EXERCISE REQUIREMENTS.
In the entries below, which lines run from the one with "Fig. 7. The drone in its final form" through the one with "livestock beneficiation value"? Repeat exactly those, both included, and no pictures.

Collected data:
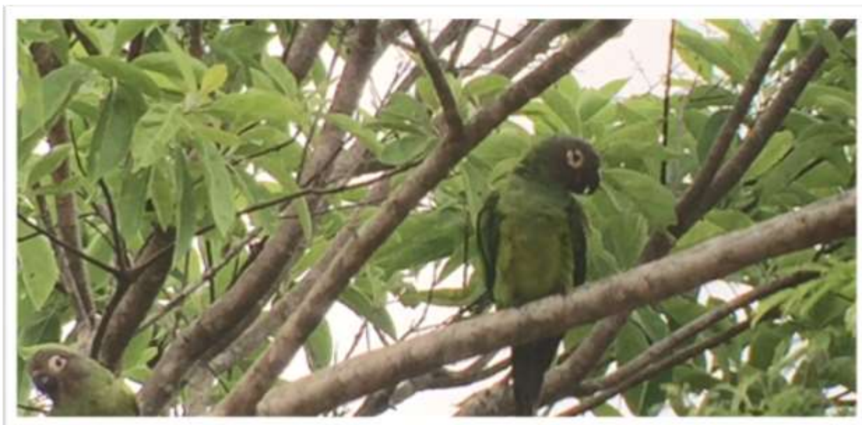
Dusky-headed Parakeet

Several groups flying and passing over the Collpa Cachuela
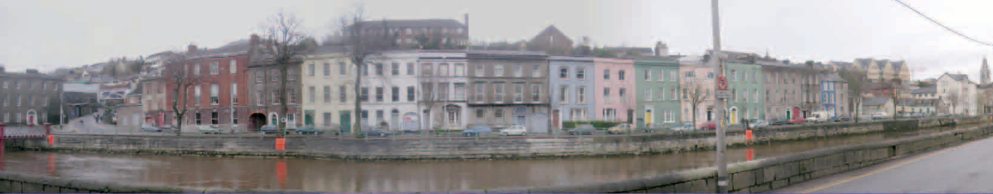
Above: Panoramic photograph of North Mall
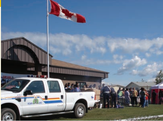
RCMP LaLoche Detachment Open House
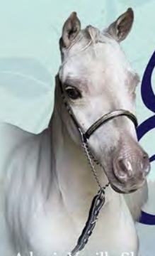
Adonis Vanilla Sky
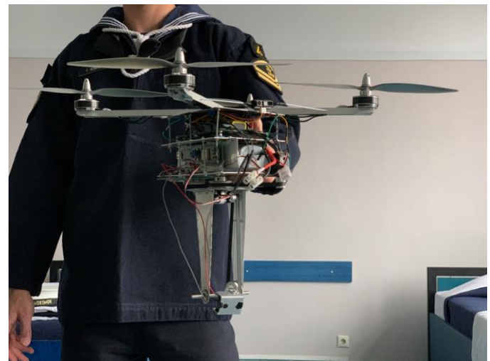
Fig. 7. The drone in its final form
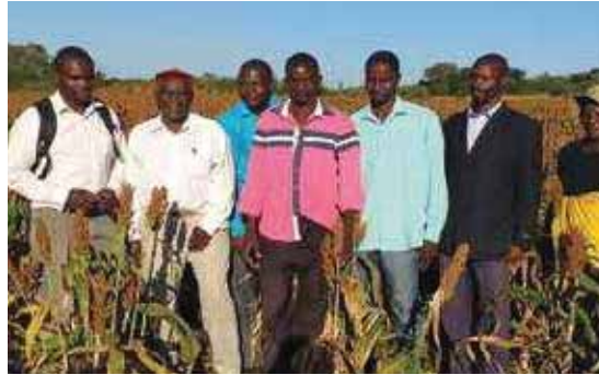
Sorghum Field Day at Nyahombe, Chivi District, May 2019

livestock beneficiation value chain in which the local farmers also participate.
...
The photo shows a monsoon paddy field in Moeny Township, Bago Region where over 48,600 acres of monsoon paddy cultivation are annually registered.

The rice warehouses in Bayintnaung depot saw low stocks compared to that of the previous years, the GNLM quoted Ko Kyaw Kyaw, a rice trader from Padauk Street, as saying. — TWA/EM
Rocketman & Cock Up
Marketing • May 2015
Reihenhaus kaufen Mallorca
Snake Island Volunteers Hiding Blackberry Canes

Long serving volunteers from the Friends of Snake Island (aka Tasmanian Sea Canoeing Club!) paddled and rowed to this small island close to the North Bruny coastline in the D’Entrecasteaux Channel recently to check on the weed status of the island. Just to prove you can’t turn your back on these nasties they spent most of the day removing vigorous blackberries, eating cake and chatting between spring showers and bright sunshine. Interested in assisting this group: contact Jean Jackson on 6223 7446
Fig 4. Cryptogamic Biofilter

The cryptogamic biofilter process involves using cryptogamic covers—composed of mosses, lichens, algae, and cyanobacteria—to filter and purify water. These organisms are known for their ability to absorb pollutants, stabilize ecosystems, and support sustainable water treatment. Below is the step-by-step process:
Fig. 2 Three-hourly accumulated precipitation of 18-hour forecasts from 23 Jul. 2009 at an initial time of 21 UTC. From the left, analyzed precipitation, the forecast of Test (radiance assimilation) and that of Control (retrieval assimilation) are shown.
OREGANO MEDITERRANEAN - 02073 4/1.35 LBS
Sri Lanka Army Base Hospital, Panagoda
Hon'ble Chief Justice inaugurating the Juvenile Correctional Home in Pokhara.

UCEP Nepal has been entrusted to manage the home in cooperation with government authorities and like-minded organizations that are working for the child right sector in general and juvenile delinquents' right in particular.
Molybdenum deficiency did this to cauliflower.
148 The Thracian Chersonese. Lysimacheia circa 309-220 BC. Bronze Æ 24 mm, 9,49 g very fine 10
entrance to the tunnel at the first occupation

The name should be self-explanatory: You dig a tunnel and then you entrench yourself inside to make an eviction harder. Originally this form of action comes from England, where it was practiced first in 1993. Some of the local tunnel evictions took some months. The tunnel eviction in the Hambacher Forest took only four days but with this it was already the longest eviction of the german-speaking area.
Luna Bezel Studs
--
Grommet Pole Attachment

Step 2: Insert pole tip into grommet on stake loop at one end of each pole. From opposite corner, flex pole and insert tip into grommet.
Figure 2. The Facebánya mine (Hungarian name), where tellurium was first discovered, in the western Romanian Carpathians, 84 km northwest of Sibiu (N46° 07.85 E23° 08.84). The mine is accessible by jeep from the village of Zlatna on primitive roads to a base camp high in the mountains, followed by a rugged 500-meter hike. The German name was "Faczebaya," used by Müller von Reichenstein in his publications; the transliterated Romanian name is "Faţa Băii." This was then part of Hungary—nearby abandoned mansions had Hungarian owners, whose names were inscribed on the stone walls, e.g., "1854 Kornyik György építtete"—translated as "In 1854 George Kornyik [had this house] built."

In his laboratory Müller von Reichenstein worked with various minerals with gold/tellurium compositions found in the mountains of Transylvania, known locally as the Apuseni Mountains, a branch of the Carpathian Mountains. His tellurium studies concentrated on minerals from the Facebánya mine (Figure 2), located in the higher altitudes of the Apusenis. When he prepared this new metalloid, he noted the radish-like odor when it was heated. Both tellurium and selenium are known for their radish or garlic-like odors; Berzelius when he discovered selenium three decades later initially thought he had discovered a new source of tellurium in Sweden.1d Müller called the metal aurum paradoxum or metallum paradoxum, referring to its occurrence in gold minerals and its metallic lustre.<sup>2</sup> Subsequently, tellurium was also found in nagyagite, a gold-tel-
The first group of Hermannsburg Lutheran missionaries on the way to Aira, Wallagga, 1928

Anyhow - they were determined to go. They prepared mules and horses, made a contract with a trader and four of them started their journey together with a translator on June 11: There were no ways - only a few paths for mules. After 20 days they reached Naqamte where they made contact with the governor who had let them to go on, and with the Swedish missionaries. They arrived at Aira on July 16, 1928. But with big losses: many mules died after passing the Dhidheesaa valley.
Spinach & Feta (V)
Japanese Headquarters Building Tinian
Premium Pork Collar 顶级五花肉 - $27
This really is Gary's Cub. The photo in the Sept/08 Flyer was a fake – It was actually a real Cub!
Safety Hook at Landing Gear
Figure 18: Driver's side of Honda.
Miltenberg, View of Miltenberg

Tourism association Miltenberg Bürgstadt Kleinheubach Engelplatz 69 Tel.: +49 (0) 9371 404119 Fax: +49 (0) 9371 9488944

EXERCISE RESULT.
Fig. 7. The drone in its final form
Sorghum Field Day at Nyahombe, Chivi District, May 2019

livestock beneficiation value chain in which the local farmers also participate.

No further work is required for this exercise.